I walked quickly the rest of the way home, my face red from the sun and the shame. I passed the emptiness of Clark's driveway, and then my own. Taking out my key to open the door into the garage, an older fear swept away my anger at Clark. I squeezed my eyes shut and counted to three, my lucky number, before swinging the door open. Then a sigh of relief. The garage was empty. My parents were still working, and in two hours, they would be home.

My mom worked at the nearby Jack-in-the-Box until she went back to school to become a drafter. Dad made parts for oil rigs. Every year, the company he worked for had its open house, and he would take me to eat cotton candy and hot dogs. He'd show me the rumbling steel press he used to cut and polish machine parts. The machine cut him too, sometimes, and his fingers would be covered in bandages when he came home. Every evening, we ate dinner with the TV turned on to news reports of falling oil prices and lay-offs. Every evening, I tried to swallow fast enough so I wouldn't have to sit and listen to those reports.

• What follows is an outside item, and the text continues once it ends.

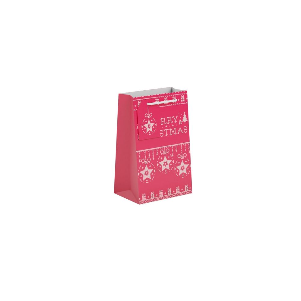 This gift bag features a red background and embroidered-style 'Merry Christmas' bauble design, perfect for creating festive cheer when gift-giving this Christmas.
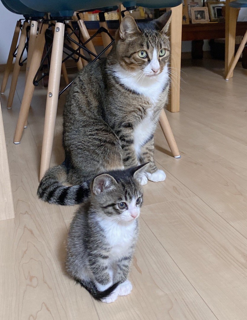 엄마랑 자세를 똑같이 하는 아기 냐옹이

After hiding my soiled jumper under a pile of laundry, I watched Bugs Bunny cartoons and waited for my parents to come home. The rage roared back into my mind. I wanted to do things to Clark that were so awful, I couldn't even describe them. I tried imagining him as the Coyote, crushed beneath his own boulders, blown-up with his own dynamite, while I meep-meeped and sped into the sunset. But it wasn't enough. As I prepared for bed that night, I closed my closet door like always, to keep the ghosts from coming out. I hoped Clark would forget to close his. I looked under my bed for good measure. I hoped Clark would forget to look under his. Maybe he would just disappear.

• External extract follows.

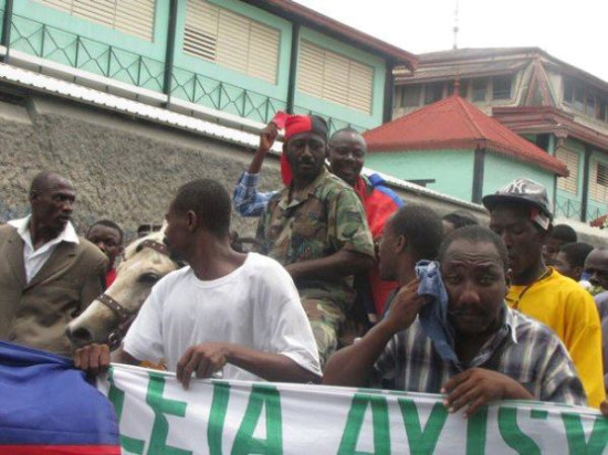 Dimanche, plusieurs milliers de partisans de l'ancien Président J.B Aristide ont envahi les rues de Port-au-Prince a l'occasion du 21ème anniversaire du coup d’État de 1991. Partis du quartier populaire de la Saline et des quartiers populaires du centre-ville, les manifestants ont parcouru plusieurs rues de la capitale avant de se diriger vers le Champs de Mars. Sous haute surveillance policière, les manifestants brandissant des photos de l'ancien Président Ariside et des cartons rouges, scandaient des slogans dénonçant le coût élevé de la vie et critiquaient vigoureusement la politique économique du gouvernement, qui, selon eux, n'a pas tenu ses promesses de campagne. D’autres scandaient « Non, jamais plus de coup d'État. Nous voulons un État démocratique en Haïti » À propos de la situation actuelle, marquée par l’augmentation du coût de la vie, Schiller Louisdor, membre de la direction de Fanmi Lavalas a demandé au gouvernement, de se ressaisir et d’apporter des solutions aux problèmes « Nous voulons dire au Président que nous n’acceptons pas cette situation de misère » insistant pour que les promesses de bien-être, faites durant la campagne électorale deviennent réalité. Toutefois, au-delà des partisans d’Aristide, d’autres manifestants plus radicaux, qui lançaient des slogans hostiles au Chef de l’État et des accusations de corruption à l’endroit de la famille du Président, étaient venu dans un tout autre but, celui de réclamer le départ du Président Martelly en compagnie entre autres : de l’ex-Sénateur Louis Gérald Gilles, de Paul Denis, l’ancien ministre de la justice, de l’activiste politique René Civil, du Sénateur Francky Exius, du député Arnel Bélizaire et de l'ancien Sénateur Turneb Delpé. En première ligne, monté sur un cheval le bicolore à la main, le farouche opposant du Président Martelly, le Sénateur Jean Charles Moïse, a promis de porter le flambeau de la mobilisation dans toutes les régions du pays et déclaré « Martelly a deux mois pour donner sa démission. Dans le cas contraire, il va en payer les conséquences. Je vais l’attaquer sur tous les fronts.»

But the next day he was in school, and the next and the next. But towards the end of the month, he stopped laughing and pushing. I would follow him at a safe distance as he walked home all alone. At the corner of our street, I would see him turn into his driveway. His mother's rusty El Camino was parked where before, the driveway was always empty in the early afternoon. It sat there throughout the day now, unused.

Then one weekend came when I heard rumblings from next door. As I looked out my front window, safely sheltered by the lace curtains, moving men came in and out of Clark's house. They carried bureaus, desks, chairs, countless crates, so many things for such a small house. Clark and his mother were nowhere to be seen. Then even the moving men
left. The following week, a paunchy real-estate agent climbed out of his car in front of Clark's house. After hammering
a For Sale sign into the barren yard, he wiped his brow
with a yellowed handkerchief and drove away. Running
out my front door, I saw the beginnings of dusk settle on Clark's house. Its empty windows stared back at me. A dry wind rattled the sign in the barren yard, and I trembled at my own rage.